Your answer must consist of the records exactly as given, with no pictures included.

Dataset items
########

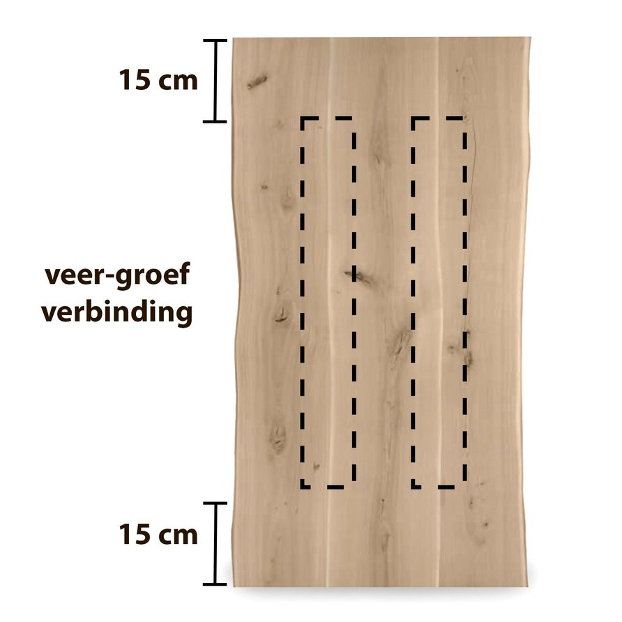 Let op: Door de natuurlijke rand kan de breedte (zoals beschreven bij de productspecificaties) - op bepaalde punten - tot maximaal 10 cm afwijken. Het tafelblad wordt aan de onderzijde standaard voorzien van 2 staalprofielen & (werkings)groeven/sleuven om de kans op werking (vervorming / kromtrekking) te verkleinen, voor een stabiel tafelblad.
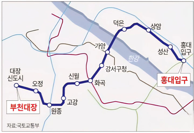 | ▲대장홍대선 확정 노선도 (자료: 국토부) |
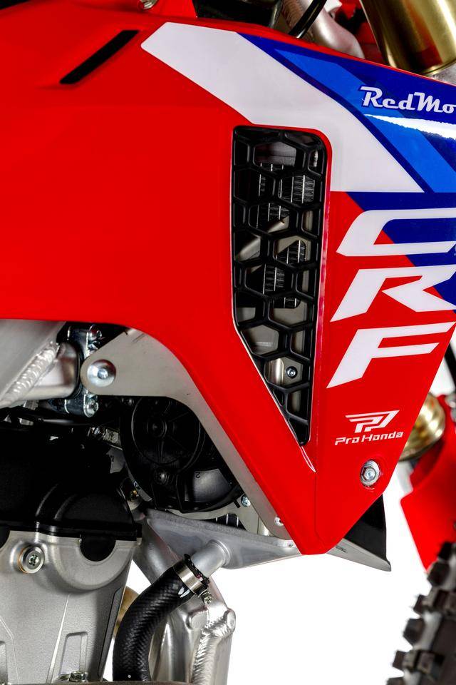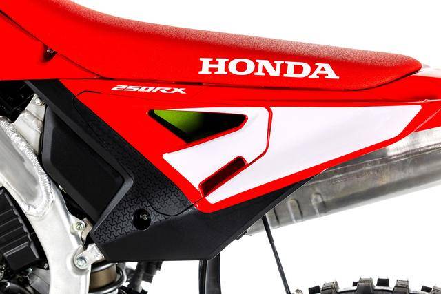 与 2025 款相比,2026 CRF250RX 的变化是换上了重新设计的鞍座下的左侧盖,新设计实现了无需借助工具、即可直接对空气滤清器进行维护。此外,还有灵感来自 Honda - RedMoto Enduro 工厂车队的新车身图案/贴花。
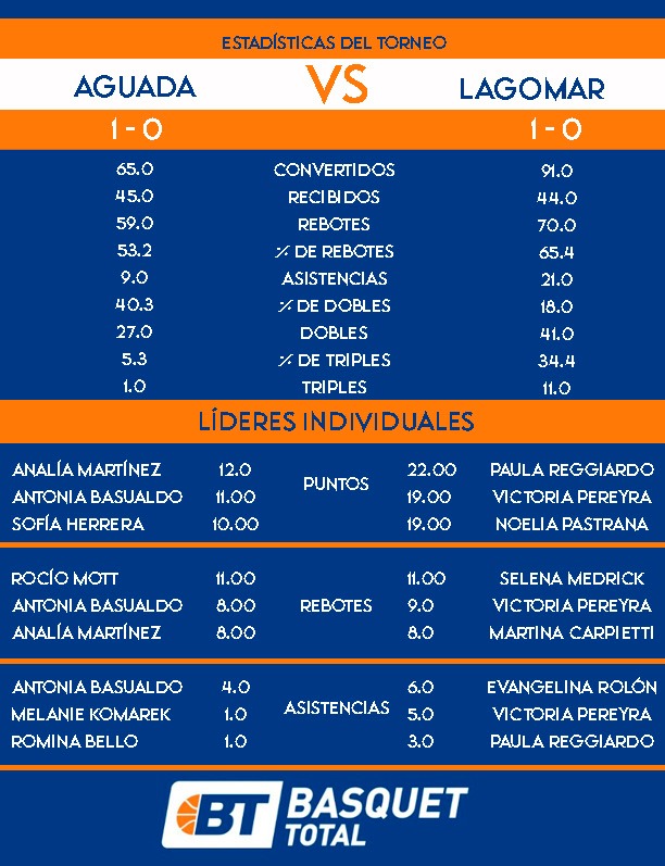 Lagomar superó en su debut con claridad a Capurro, 91-44, dejando una imagen de un buen proyecto que puede dar pelea. Aguada viene de amargar a un debutante, Urunday Universitario, al que superó 65-45, con un alto caudal de puntos de contraataque. Contará con el debut de su extranjera Kelly Orejuela.
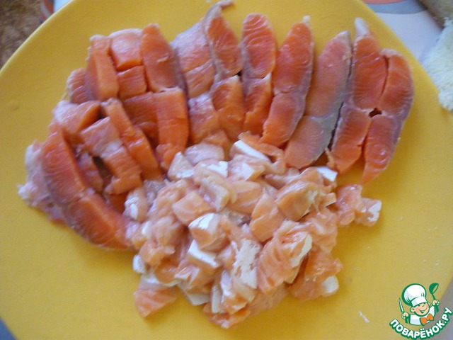 Теперь брюшки режим мелкими кубиками, а семгу брусочками толщиной 1 - 1,5 см. Вот такая красота...
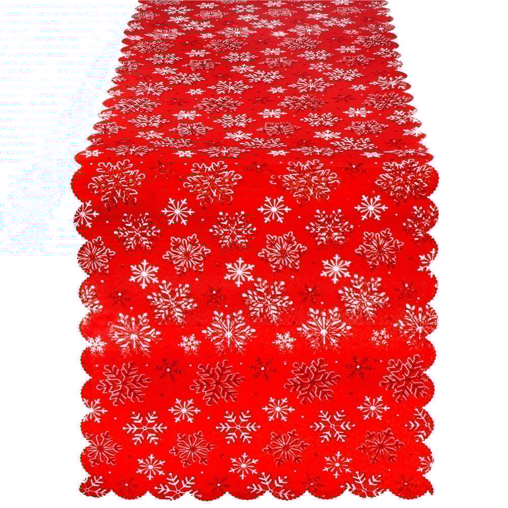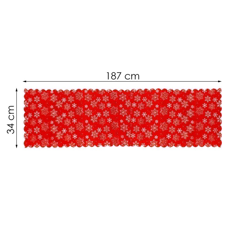 Fata de masa pentru decor, cu motive de Craciun, din stofa, 34x187cm, rosu

########

- [Written answer]
 Let op: Door de natuurlijke rand kan de breedte (zoals beschreven bij de productspecificaties) - op bepaalde punten - tot maximaal 10 cm afwijken. Het tafelblad wordt aan de onderzijde standaard voorzien van 2 staalprofielen & (werkings)groeven/sleuven om de kans op werking (vervorming / kromtrekking) te verkleinen, voor een stabiel tafelblad.
 | ▲대장홍대선 확정 노선도 (자료: 국토부) |
 与 2025 款相比,2026 CRF250RX 的变化是换上了重新设计的鞍座下的左侧盖,新设计实现了无需借助工具、即可直接对空气滤清器进行维护。此外,还有灵感来自 Honda - RedMoto Enduro 工厂车队的新车身图案/贴花。
 Lagomar superó en su debut con claridad a Capurro, 91-44, dejando una imagen de un buen proyecto que puede dar pelea. Aguada viene de amargar a un debutante, Urunday Universitario, al que superó 65-45, con un alto caudal de puntos de contraataque. Contará con el debut de su extranjera Kelly Orejuela.
 Теперь брюшки режим мелкими кубиками, а семгу брусочками толщиной 1 - 1,5 см. Вот такая красота...
 Fata de masa pentru decor, cu motive de Craciun, din stofa, 34x187cm, rosu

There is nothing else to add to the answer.